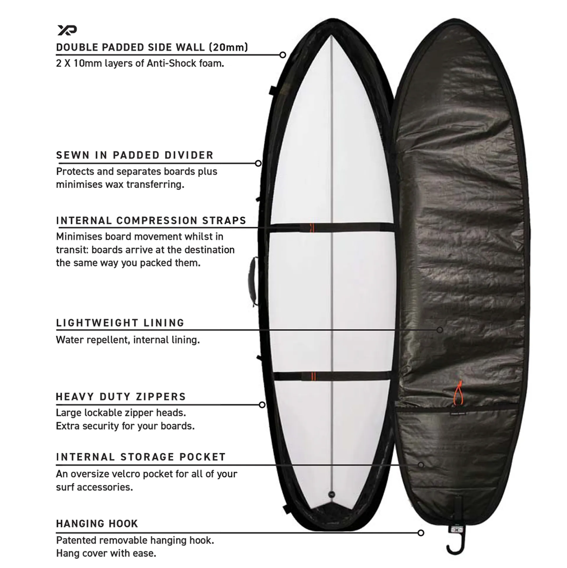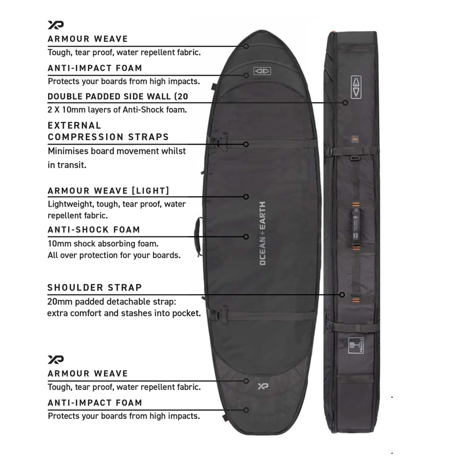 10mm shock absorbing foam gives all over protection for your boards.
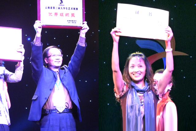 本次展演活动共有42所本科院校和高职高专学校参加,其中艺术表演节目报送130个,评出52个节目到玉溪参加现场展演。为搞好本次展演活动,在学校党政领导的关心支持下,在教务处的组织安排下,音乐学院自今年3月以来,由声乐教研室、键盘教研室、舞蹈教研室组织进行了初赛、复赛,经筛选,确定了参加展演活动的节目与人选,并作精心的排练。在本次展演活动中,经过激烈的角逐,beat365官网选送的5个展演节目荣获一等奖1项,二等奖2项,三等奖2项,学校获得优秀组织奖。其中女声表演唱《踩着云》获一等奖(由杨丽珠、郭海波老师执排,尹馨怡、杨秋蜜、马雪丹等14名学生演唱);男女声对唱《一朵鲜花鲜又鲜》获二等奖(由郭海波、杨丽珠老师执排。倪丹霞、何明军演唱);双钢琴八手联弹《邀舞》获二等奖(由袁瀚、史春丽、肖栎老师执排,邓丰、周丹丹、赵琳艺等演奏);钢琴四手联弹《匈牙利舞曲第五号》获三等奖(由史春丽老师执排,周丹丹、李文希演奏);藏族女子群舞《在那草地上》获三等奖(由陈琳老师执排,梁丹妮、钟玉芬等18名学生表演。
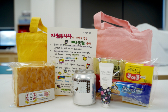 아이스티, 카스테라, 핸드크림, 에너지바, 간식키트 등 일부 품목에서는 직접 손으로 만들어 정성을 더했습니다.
---
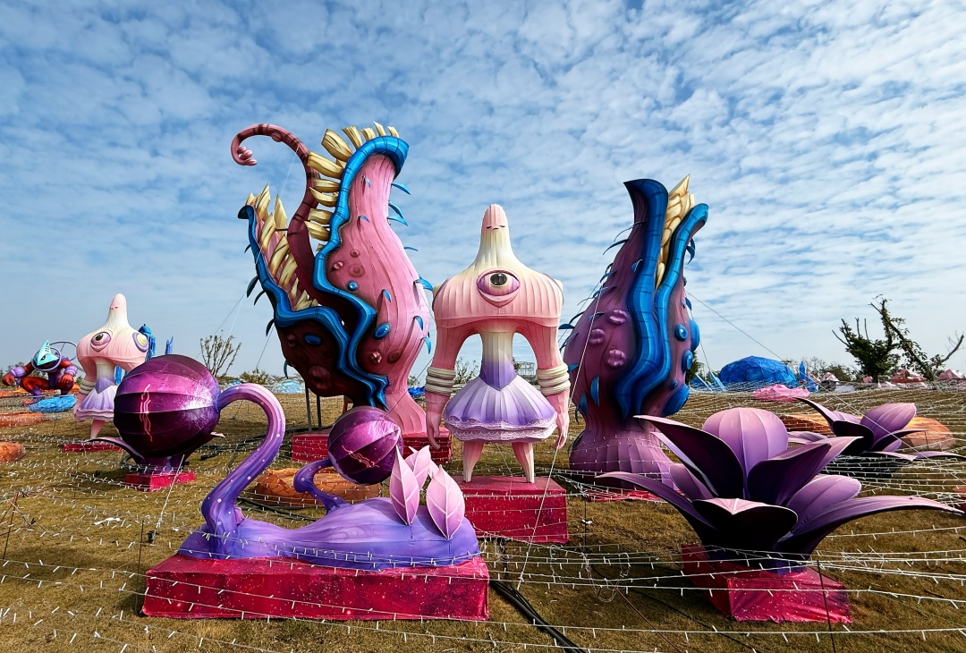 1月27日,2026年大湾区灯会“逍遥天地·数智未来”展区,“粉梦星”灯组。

# What needs to be done
Would you print exactly the lines in the listing above, from the line bearing "10mm shock absorbing" through the line bearing "아이스티, 카스테라, 핸드크림, 에너지바, 간식키트", leaving out all pictures?

# Reply to the exercise
 10mm shock absorbing foam gives all over protection for your boards.
 本次展演活动共有42所本科院校和高职高专学校参加,其中艺术表演节目报送130个,评出52个节目到玉溪参加现场展演。为搞好本次展演活动,在学校党政领导的关心支持下,在教务处的组织安排下,音乐学院自今年3月以来,由声乐教研室、键盘教研室、舞蹈教研室组织进行了初赛、复赛,经筛选,确定了参加展演活动的节目与人选,并作精心的排练。在本次展演活动中,经过激烈的角逐,beat365官网选送的5个展演节目荣获一等奖1项,二等奖2项,三等奖2项,学校获得优秀组织奖。其中女声表演唱《踩着云》获一等奖(由杨丽珠、郭海波老师执排,尹馨怡、杨秋蜜、马雪丹等14名学生演唱);男女声对唱《一朵鲜花鲜又鲜》获二等奖(由郭海波、杨丽珠老师执排。倪丹霞、何明军演唱);双钢琴八手联弹《邀舞》获二等奖(由袁瀚、史春丽、肖栎老师执排,邓丰、周丹丹、赵琳艺等演奏);钢琴四手联弹《匈牙利舞曲第五号》获三等奖(由史春丽老师执排,周丹丹、李文希演奏);藏族女子群舞《在那草地上》获三等奖(由陈琳老师执排,梁丹妮、钟玉芬等18名学生表演。
 아이스티, 카스테라, 핸드크림, 에너지바, 간식키트 등 일부 품목에서는 직접 손으로 만들어 정성을 더했습니다.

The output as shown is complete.